• **Data block**
****************************************
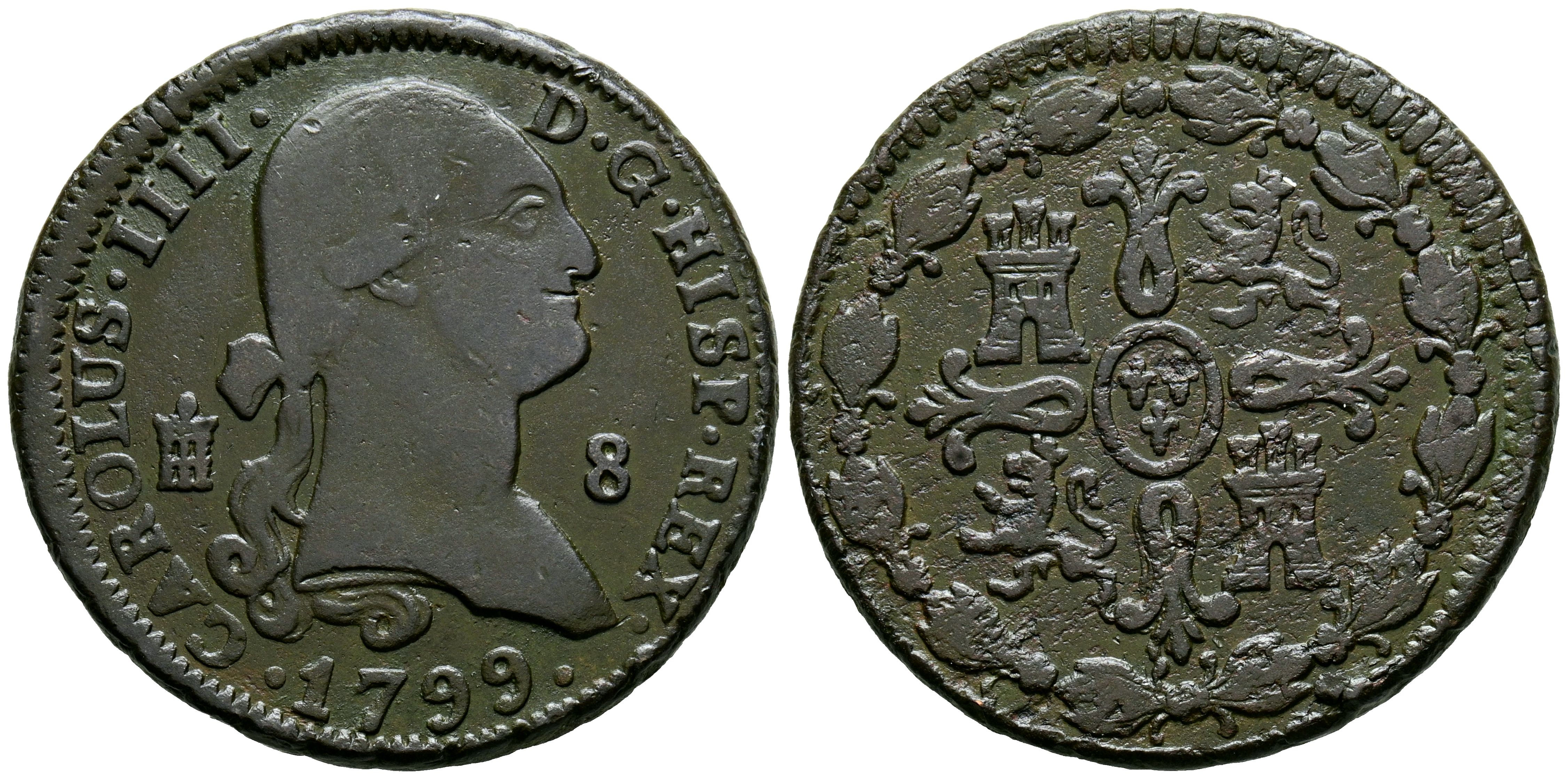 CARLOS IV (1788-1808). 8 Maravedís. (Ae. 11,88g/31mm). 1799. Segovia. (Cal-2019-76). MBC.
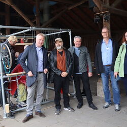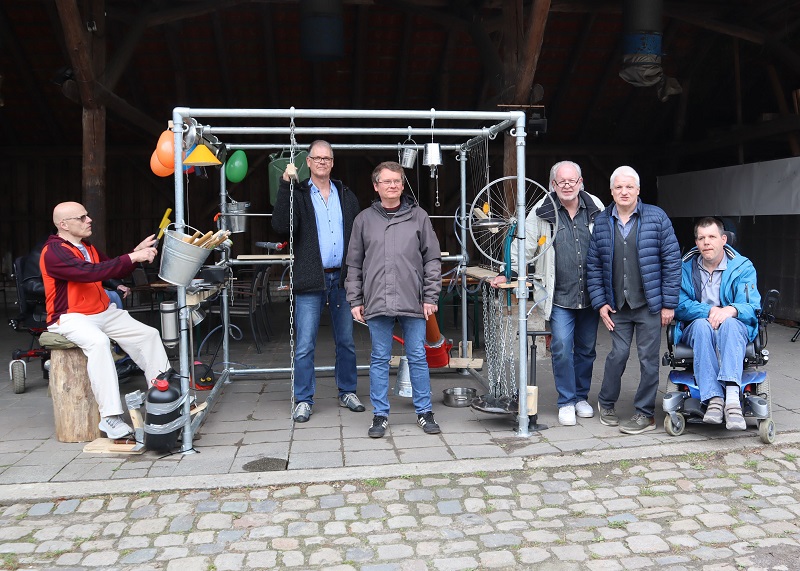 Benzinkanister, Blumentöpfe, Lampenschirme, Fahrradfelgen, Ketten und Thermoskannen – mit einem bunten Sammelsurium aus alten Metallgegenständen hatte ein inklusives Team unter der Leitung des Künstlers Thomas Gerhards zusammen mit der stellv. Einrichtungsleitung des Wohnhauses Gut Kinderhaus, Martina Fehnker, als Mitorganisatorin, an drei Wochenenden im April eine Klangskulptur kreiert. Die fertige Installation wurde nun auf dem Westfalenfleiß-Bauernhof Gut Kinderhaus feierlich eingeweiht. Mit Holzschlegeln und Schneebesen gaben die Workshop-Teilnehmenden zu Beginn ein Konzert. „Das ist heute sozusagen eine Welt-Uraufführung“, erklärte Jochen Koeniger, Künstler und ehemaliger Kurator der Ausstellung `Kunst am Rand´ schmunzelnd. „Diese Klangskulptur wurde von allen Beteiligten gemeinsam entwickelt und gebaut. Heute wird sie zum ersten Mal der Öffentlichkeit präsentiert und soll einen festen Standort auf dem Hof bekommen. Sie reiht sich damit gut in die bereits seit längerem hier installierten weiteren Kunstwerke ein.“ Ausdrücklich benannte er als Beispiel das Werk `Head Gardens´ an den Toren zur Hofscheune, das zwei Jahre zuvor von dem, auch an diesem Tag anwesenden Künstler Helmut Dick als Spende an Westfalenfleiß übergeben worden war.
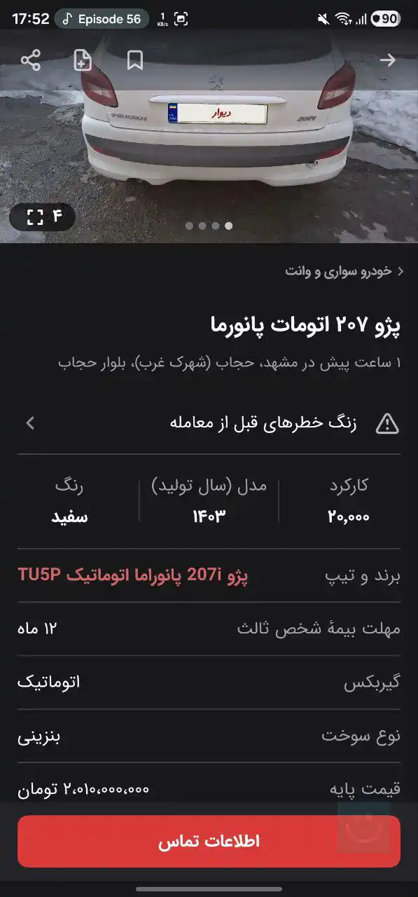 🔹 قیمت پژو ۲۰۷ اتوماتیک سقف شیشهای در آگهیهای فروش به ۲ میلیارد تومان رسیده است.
****************************************
• **Exercise requirements**
Make an exact copy of the data, leaving its pictures out.

• **Response below**
 CARLOS IV (1788-1808). 8 Maravedís. (Ae. 11,88g/31mm). 1799. Segovia. (Cal-2019-76). MBC.
 Benzinkanister, Blumentöpfe, Lampenschirme, Fahrradfelgen, Ketten und Thermoskannen – mit einem bunten Sammelsurium aus alten Metallgegenständen hatte ein inklusives Team unter der Leitung des Künstlers Thomas Gerhards zusammen mit der stellv. Einrichtungsleitung des Wohnhauses Gut Kinderhaus, Martina Fehnker, als Mitorganisatorin, an drei Wochenenden im April eine Klangskulptur kreiert. Die fertige Installation wurde nun auf dem Westfalenfleiß-Bauernhof Gut Kinderhaus feierlich eingeweiht. Mit Holzschlegeln und Schneebesen gaben die Workshop-Teilnehmenden zu Beginn ein Konzert. „Das ist heute sozusagen eine Welt-Uraufführung“, erklärte Jochen Koeniger, Künstler und ehemaliger Kurator der Ausstellung `Kunst am Rand´ schmunzelnd. „Diese Klangskulptur wurde von allen Beteiligten gemeinsam entwickelt und gebaut. Heute wird sie zum ersten Mal der Öffentlichkeit präsentiert und soll einen festen Standort auf dem Hof bekommen. Sie reiht sich damit gut in die bereits seit längerem hier installierten weiteren Kunstwerke ein.“ Ausdrücklich benannte er als Beispiel das Werk `Head Gardens´ an den Toren zur Hofscheune, das zwei Jahre zuvor von dem, auch an diesem Tag anwesenden Künstler Helmut Dick als Spende an Westfalenfleiß übergeben worden war.
 🔹 قیمت پژو ۲۰۷ اتوماتیک سقف شیشهای در آگهیهای فروش به ۲ میلیارد تومان رسیده است.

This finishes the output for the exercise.